The Message Bible puts it bluntly “Some of you are going to end up bankrupt in Egypt.  Some of you will be disillusioned in Assyria.  As refugees in Egypt and Assyria, you won’t have much chance to worship God ... You’ll be starved for God, exiled from God’s own country” (verses 3 - 4).

In chapter 9 verse 10 God becomes nostalgic.  “When I found Israel, it was like finding grapes in the desert; when I saw your fathers, it was like seeing the early fruit on the fig-tree.”  The very beginnings of His relationship with His people was like the surprise and delight with which one might come upon a vineyard in a desert.  One can sense the divine disappointment.  At Baal Peor the Moabites seduced Israel (Numbers 25:1 - 5) even before they entered the Promised Land.  God laments “they consecrated themselves to that shameful idol” (verse 10).

In verse 11 the end of Israel’s nationhood draws near.  “Ephraim’s glory will fly away like a bird ... Woe to them when I turn away from them!” (verses 11 - 12).  Sin leads to judgement which, in grace, will lead to restoration.  God will judge in mercy, by letting them go.  They will be out of fellowship, but not out of relationship.  They remain God’s ancient people.

We need to remember judgement is rooted in love, the grief of God’s love.  Love constantly abused results in unavoidable judgement.

At Gilgal Saul was made king (1 Samuel 11:15) and, in effect, God was rejected and the rot set in.  Moffatt’s translation reads, “Their guilt lies all at Gilgal; so there I learned to hate them!  For their evil practices, I drive them from My house; no longer will I love them – their rulers are all rebels” (verse 15).  The reality is that “Ephraim the Fruitful” bears no fruit.

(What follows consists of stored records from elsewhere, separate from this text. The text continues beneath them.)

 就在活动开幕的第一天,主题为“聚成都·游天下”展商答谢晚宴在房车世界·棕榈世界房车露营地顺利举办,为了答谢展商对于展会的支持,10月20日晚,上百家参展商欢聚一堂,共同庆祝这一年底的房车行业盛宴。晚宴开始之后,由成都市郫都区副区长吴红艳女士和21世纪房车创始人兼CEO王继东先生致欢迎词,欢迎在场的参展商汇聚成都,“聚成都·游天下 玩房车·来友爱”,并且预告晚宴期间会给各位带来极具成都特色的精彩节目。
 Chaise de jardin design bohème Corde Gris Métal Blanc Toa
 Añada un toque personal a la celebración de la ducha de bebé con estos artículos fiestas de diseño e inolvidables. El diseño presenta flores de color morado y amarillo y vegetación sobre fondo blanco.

There’s strong irony here.  When God says, “Because of their sinful deeds, I will drive them out of my house”, He’s echoing the promises given to Israel at the Exodus and reversing them.  The Canaanites were driven out so Israel could enjoy God’s gift of the land: now the Israelites were to be driven out because of their assimilation of Canaanite practices.  As the unfaithful wife was driven from the husband’s house, so Israel was driven from God’s ‘house’ i.e. His land.

When God says He ‘hated them’ it means ‘loved less than before’. Warm affection pervades the book of Hosea from end to end. Such language announces with anguish not the final ultimatum but a break off of relationship, that is, the suspension of the marriage.  In Hosea’s vision he has seen the sons of Israel doomed.

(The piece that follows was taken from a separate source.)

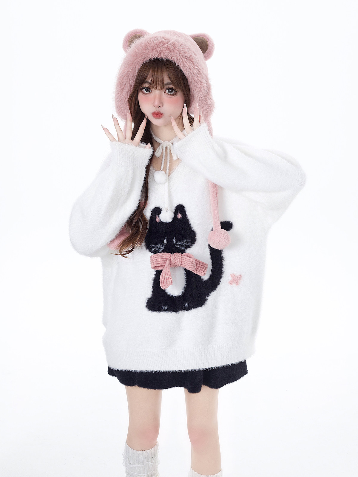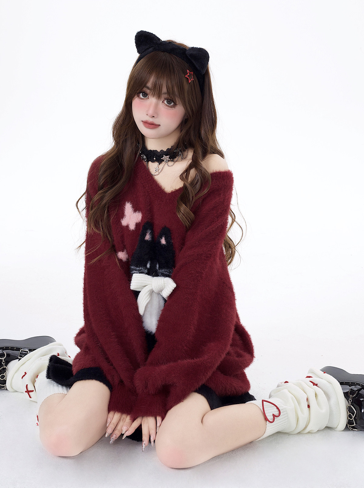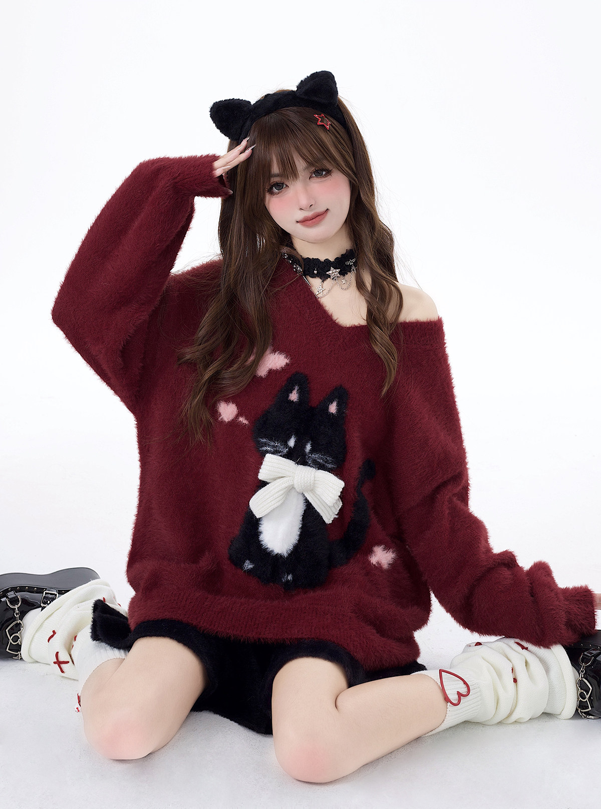 crazygirl【慵嬾小貓】原創蝴蝶結軟糯秋冬新年紅寬鬆內搭毛衣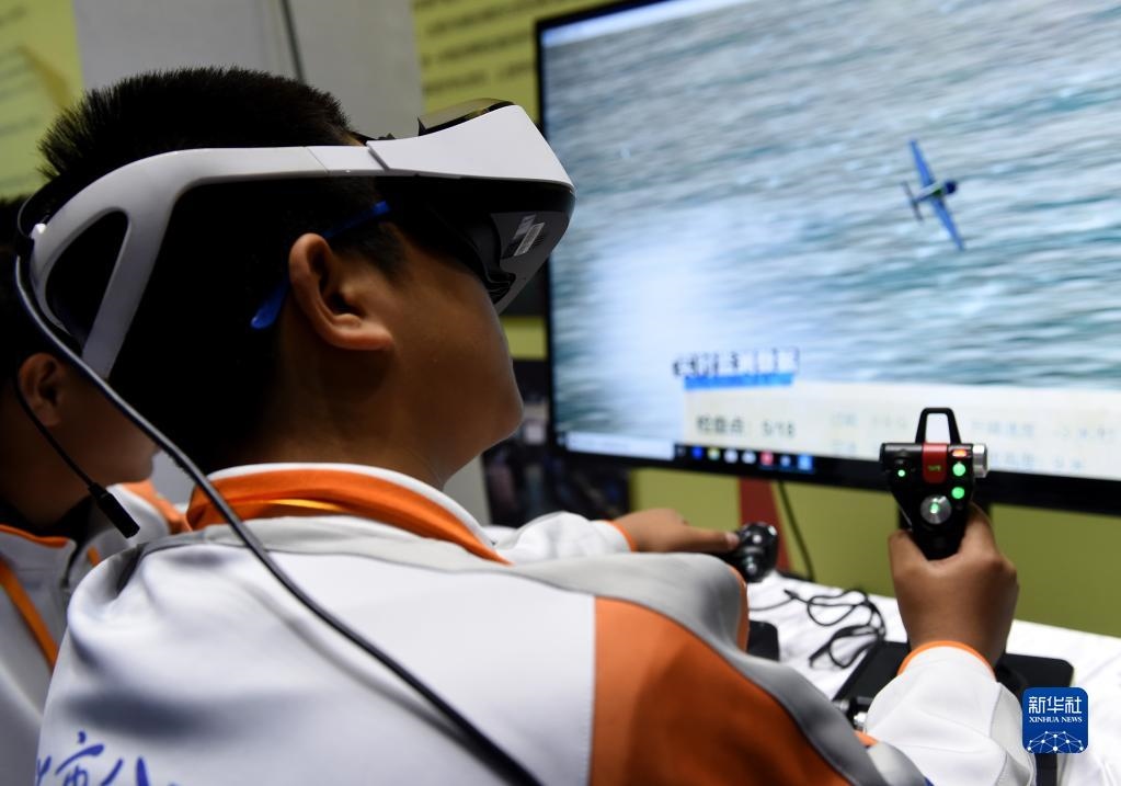 北京市八一學(xué)校的學(xué)生在北京市中小學(xué)生特色科技活動展示上體驗VR技術(shù)(2018年11月24日攝)。新華社記者 羅曉光 攝

The Israelites have worshipped fertility through the sex rites of Baal and they have sold their souls for peace.  Their judgement will be infertility and war.  The chapter ends with the picture of the wandering Jew, living as a refugee, scattered far and wide.  The Message puts it this way, “My God has washed his hands of them.  They wouldn’t listen.  They’re doomed to be wanderers, vagabonds among the godless nations” (verse 17).

But this is not God’s last word on the Jews!  Romans chapter 11 makes that abundantly clear.  Read that chapter and see there the purposes of God for them. Hosea doesn’t pray out of a hateful vengeance against Israel, but because he shared God’s holy wrath against her sins.  Despite God’s condemnation and the harshness of language with which the unavoidable judgement was announced, the major purpose of the book is to proclaim God’s compassion and love that cannot – finally – let Israel go.